Because a fight it is. The pope may have combined the orders of science and spirituality, but he knows they must battle a third magisteria: money, which so far has usually won. He’s caustic about the failures of international conclaves and national politicians, rightly isolating the cause as the ongoing triumph of those for whom accumulation is the only god. “Whatever is fragile, like the environment, is defenseless before the interests of a deified market,” he has written, adding knowingly today that, “consequently the most one can expect [from our leaders] is superficial rhetoric, sporadic acts of philanthropy, and perfunctory expressions of concern.” Indeed, an hour or two after the release of his encyclical, the House voted to give the president “fast-track” authority to negotiate a free trade agreement with Pacific Rim nations, over the protests of advocates for both environmentalists and workers that it would only worsen the problems the encyclical describes.

It will take a while to see what power the pope’s letter ultimately possesses.
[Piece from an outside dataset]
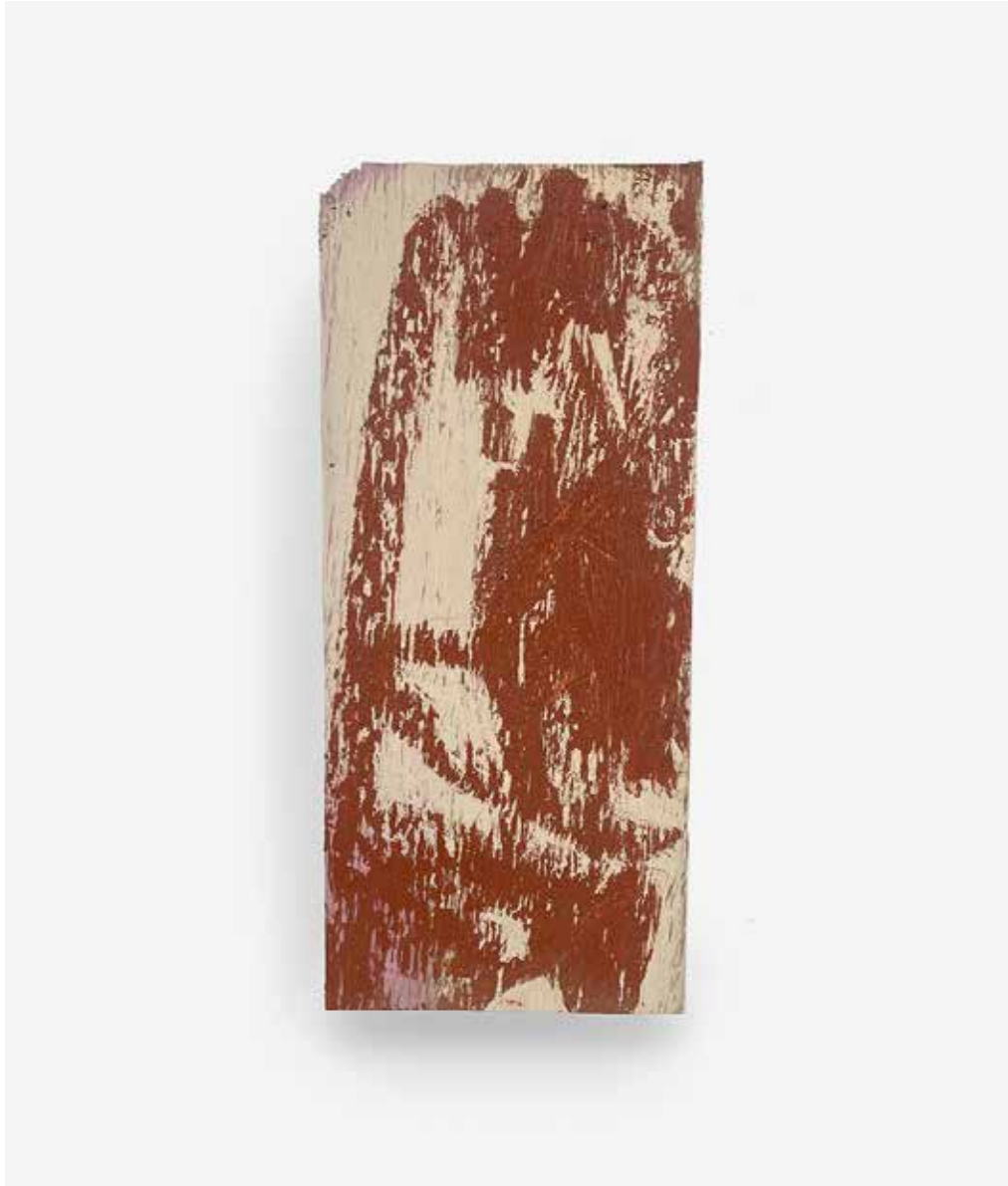
Talisman Mars, 2023, oil on found wood, 14.5 x 6.75 inches $2600 unframed

Usually, as Francis writes, “any genuine attempt by groups within society to introduce change is viewed as a nuisance based on romantic illusions or an obstacle to be circumvented,” which certainly describes how many American politicians reacted to the encyclical. But one would perhaps be unwise to bet against Pope Francis, who has a wily sense of how to pressure, expose, and prod. At any rate, the battle is joined, more fully than ever before.

My own sense, after spending the day reading this remarkable document, was of great relief. I’ve been working on climate change for a quarter century, and for much of that time it felt like enduring one of those nightmarish dreams where no one can hear your warnings. In recent years a broad-based movement has arisen to take up the challenge, but this marks the first time that a person of great authority in our global culture has fully recognized the scale and depth of our crisis, and the consequent necessary rethinking of what it means to be human.